Originally I was going to use torch.arange to create weight decay values (without subtracting 1e-6 from the upper bound as I eventually did below), but it acculumated floating point error. The following tensor should stop at 0.0990 but goes up to 0.1000 because of floating point error.

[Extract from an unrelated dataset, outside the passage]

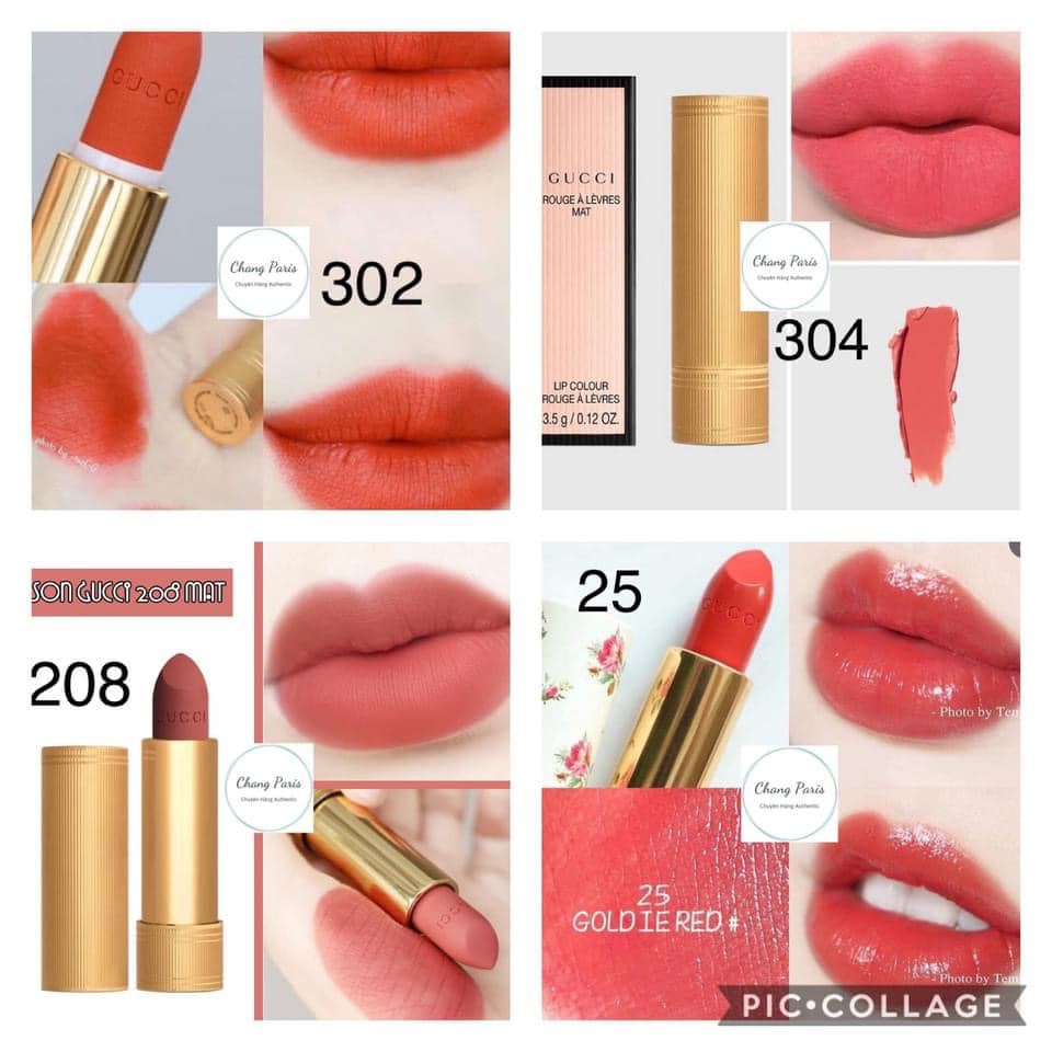Son Gucci khoác lên mình vỏ ngoài sang chảnh, tinh xảo trong từng đường chạm khắc. Sự quyến rũ không chỉ nằm ở thiết kê mãn nhãn mà còn nằm ở bảng mầu son Gucci đa dạng và thời thượng cực kỳ. 👉 Màu 25 là mầu mới của hãng với màu đỏ nữ tính đáng yêu, tông mầu trẻ trung gợi cảm hơn rất nhiêug các nàng nhé 👉 Màu 208 với mầu cam đất chuẩn tông mang đến các nàng một vẻ ngoài rạng rỡ, năng động. Màu cam đất là lựa chọn hoàn hảo xu hướng tư nhiên 👉 Màu 302 sự kết hợp sắc cam tươi tắm phù hợp cô gái phong cách dễ thương, sở hữu làn da trắng tự tin diện màu son mà k phải lo nghĩ. 👉 Màu 304 với màu cam ngọt ngào, nữ tính chất son mịn lâu trôi, không làm khô môi là món quà tuyệt vời cho các nàng

torch.arange(0.01, 0.1, 0.001)

tensor([0.0100, 0.0110, 0.0120, 0.0130, 0.0140, 0.0150, 0.0160, 0.0170, 0.0180,
        0.0190, 0.0200, 0.0210, 0.0220, 0.0230, 0.0240, 0.0250, 0.0260, 0.0270,
        0.0280, 0.0290, 0.0300, 0.0310, 0.0320, 0.0330, 0.0340, 0.0350, 0.0360,
        0.0370, 0.0380, 0.0390, 0.0400, 0.0410, 0.0420, 0.0430, 0.0440, 0.0450,
        0.0460, 0.0470, 0.0480, 0.0490, 0.0500, 0.0510, 0.0520, 0.0530, 0.0540,
        0.0550, 0.0560, 0.0570, 0.0580, 0.0590, 0.0600, 0.0610, 0.0620, 0.0630,
        0.0640, 0.0650, 0.0660, 0.0670, 0.0680, 0.0690, 0.0700, 0.0710, 0.0720,
        0.0730, 0.0740, 0.0750, 0.0760, 0.0770, 0.0780, 0.0790, 0.0800, 0.0810,
        0.0820, 0.0830, 0.0840, 0.0850, 0.0860, 0.0870, 0.0880, 0.0890, 0.0900,
        0.0910, 0.0920, 0.0930, 0.0940, 0.0950, 0.0960, 0.0970, 0.0980, 0.0990,
        0.1000])

The following arange call results in the correct number of values:

torch.arange(0.0001, 0.001-1e-6, 0.00001).shape, \
torch.arange(0.001, 0.01-1e-6, 0.0001).shape, \
torch.arange(0.01, 0.10-1e-6, 0.001).shape, \
torch.arange(0.1, 1.0-1e-6, 0.01).shape

(torch.Size([90]), torch.Size([90]), torch.Size([90]), torch.Size([90]))

wds = torch.cat([
    torch.arange(0.0001, 0.001-1e-6, 0.00001),
    torch.arange(0.001, 0.01-1e-6, 0.0001),
    torch.arange(0.01, 0.10-1e-6, 0.001),
    torch.arange(0.1, 1.0-1e-6, 0.01)])

wds.shape

torch.Size([360])

pd.Series(wds).plot();

Next, I’ll estimate the disk space required to store the training loss, validation loss and weights for all 360 models (1 per wd value).

With ChatGPT’s help:

import pickle
import io

def get_pickled_object_size(obj):
    # Create a BytesIO buffer
    buffer = io.BytesIO()
    # Pickle the object into the buffer
    pickle.dump(obj, buffer)
    # Get the size of the buffer
    size = buffer.getbuffer().nbytes
    return size

res = {
    'training_loss': learn.recorder.losses,
    'iters': learn.recorder.iters,
    'valid_cols': learn.recorder.metric_names.index('valid_loss') - 1,
    'validation_loss': L(learn.recorder.values[(np.array(learn.recorder.iters)<5).sum():]).itemgot(learn.recorder.metric_names.index('valid_loss') - 1),
    'weights': torch.nn.utils.parameters_to_vector(learn.model.parameters())
}

size = get_pickled_object_size(res)
print(f'The size of the pickled object for one model is {size/1e6} MB.')
print(f'The total size of the pickled objects for 360 models will be ~{360*size/1e6} MB.')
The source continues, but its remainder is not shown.